With the data voids project, Michael and I explored different ways to address the problem. We educated product teams inside tech companies to support them in taking different strategies to tackle data voids; many have tried. (Google went so far as to rename the problem “information gap” to avoid using a name created by a Microsoft employee.) We hosted events with comedians, content creators, and civil society advocates to help create new content to address specific data voids. We also tried to shed light on how the problem is not simply one of bad algorithms, but indicative of how any sociotechnical arrangement can and will be exploited. Given how much of the conversation has devolved into tech is good vs. tech is bad, I think we’ve been less successful on this front. As the #techlash unfolded, most critics wanted to see any negative activity involving tech platforms as the product of malfeasant technologists rather than the interaction between imperfect systems and manipulative actors hellbent on getting their way. No one wanted to contend with the breeding grounds of conspiracy theorists and media manipulators, let alone the complex sociotechnical entanglements involved in data voids.

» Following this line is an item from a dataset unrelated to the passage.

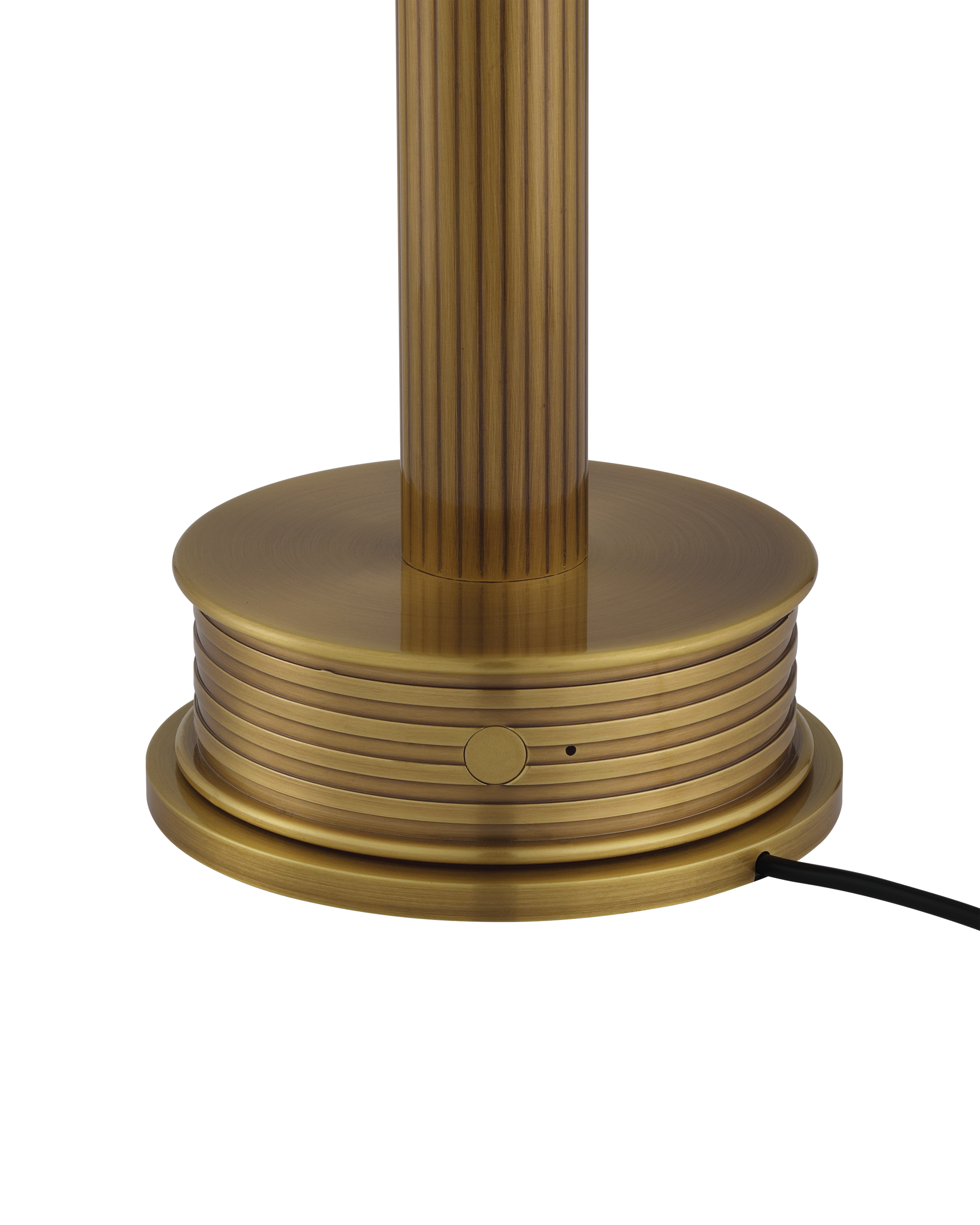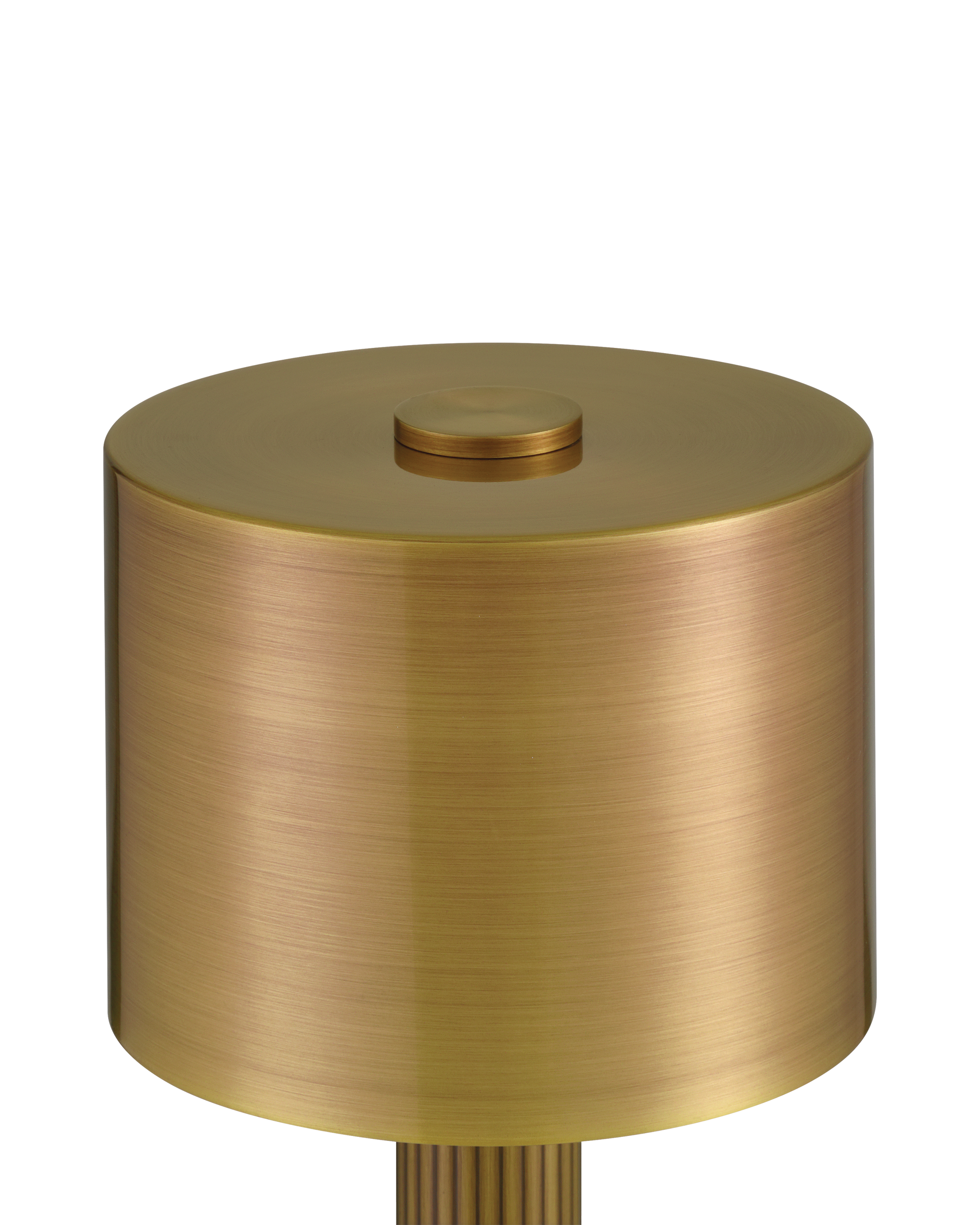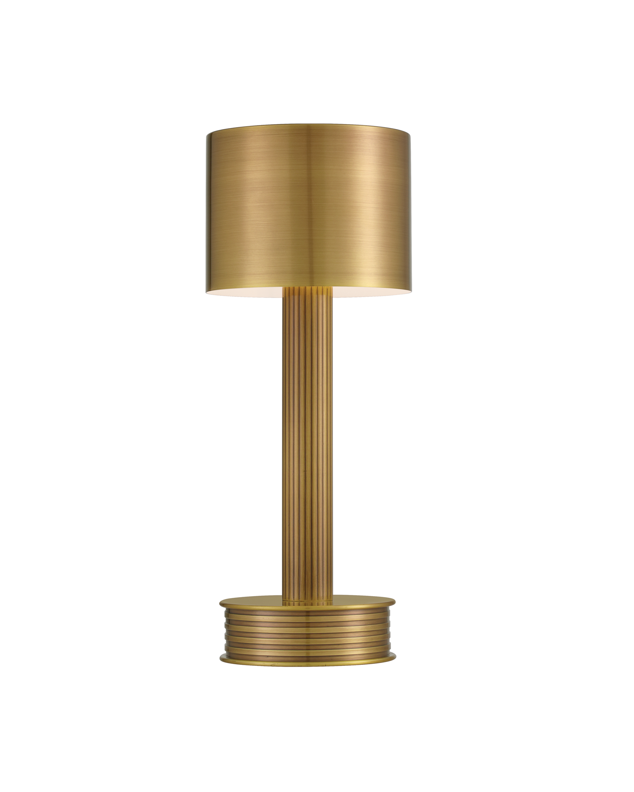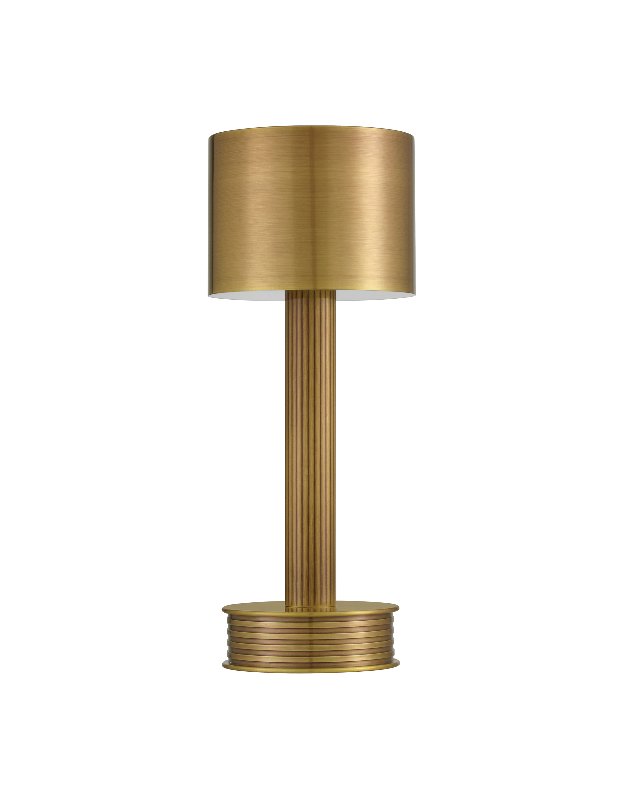 • The Traverse Brass Cordless Table Lamp is a gold lamp that moves around easily. The metal lamp in a polished brass finish is petite in size, and its base holds the on/off switch. The matching metal shade has the same brilliant sheen as the rest of it. To recharge, simply place the Sortie on a separate charging pad.

Manipulation of data infrastructures and algorithmic systems continues to be an endemic problem, affecting search engines as well as social media, AI, and all aspects of algorithmic decision-making. The current wave of generative AI systems is complicating long-standing algorithmic systems, including search engines, creating new challenges for those in charge of maintaining the algorithms as well as those who simply want a good result. We can’t simply ignore these dynamics — or blame them exclusively on those who are designing the technology. The exploitation of data voids is one type of sociotechnical attack. The “data voids” project shows one way to grapple with the entanglement of algorithmic systems, data, and media manipulators. I hope that those who are trying to understand where systems go terribly awry as people exploit them will build off of the work we did.